City Council meetings are notoriously boring with the occasional spat of sparks flying. Most are barely attended as simple matters merit little attention from citizens. But when an issue arises that does get the attention of citizens, many schedule their time to appear and speak their view on whatever the issue is before city council.
That is a right of citizens and city ordinance recognizes that in the procedures to implement ordinances and changes to ordinances, scheduling time for citizen input during hearings on the issue.
If that does not happen, citizens are being denied their right to speak before council and we run the risk of shutting citizen out, subjugating ourselves to 7 people elected to office.
Citizens do not take lightly to having their rights trampled on as the denial of the right to speak before city council ends up doing.
Be it by accident or whatever, we saw just this happen at the March 4, 2013 Vancouver City Council meeting where several citizens came out to speak on proposed changes to VMC. 17.32 and ordinance changes to 17.08 and 17.34 as well as Title 22 of VMC, concerning the abatement of unfit dwellings, buildings, structures and premises.
According to the compliant lodged by Carolyn Crain,
“The city attorney and staff made a decision to alter section 6 and some portions of section 7 after the first reading and prior to the hearing which by procedure requires the hearing be rescheduled.
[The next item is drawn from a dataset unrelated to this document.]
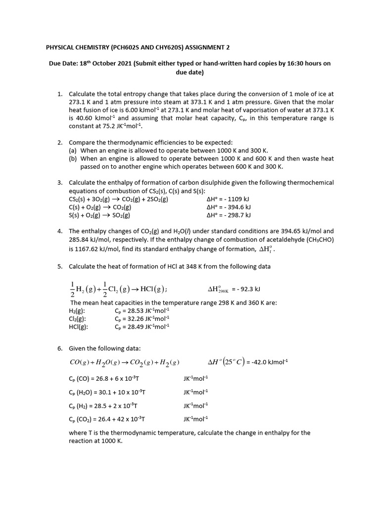 PHYSICAL CHEMISTRY (PCH602S AND CHY620S) ASSIGNMENT 2

It also by procedure requires a re-reading of the first reading into the record or in essence it scraps/discards the original first reading and creates a new first reading of the revised language. At that March 4th hearing / non-hearing now a re-reading of the first reading the council made an error in deciding that those citizens who were present to speak on the subject could not speak after all and needed to return for the new hearing which had a new date set of March 18th 2013. This disenfranchised those citizens in their right to address council on an agenda item which is what it became when it was set back and proceeded to be re-read as a first reading on March 4th in council meeting.”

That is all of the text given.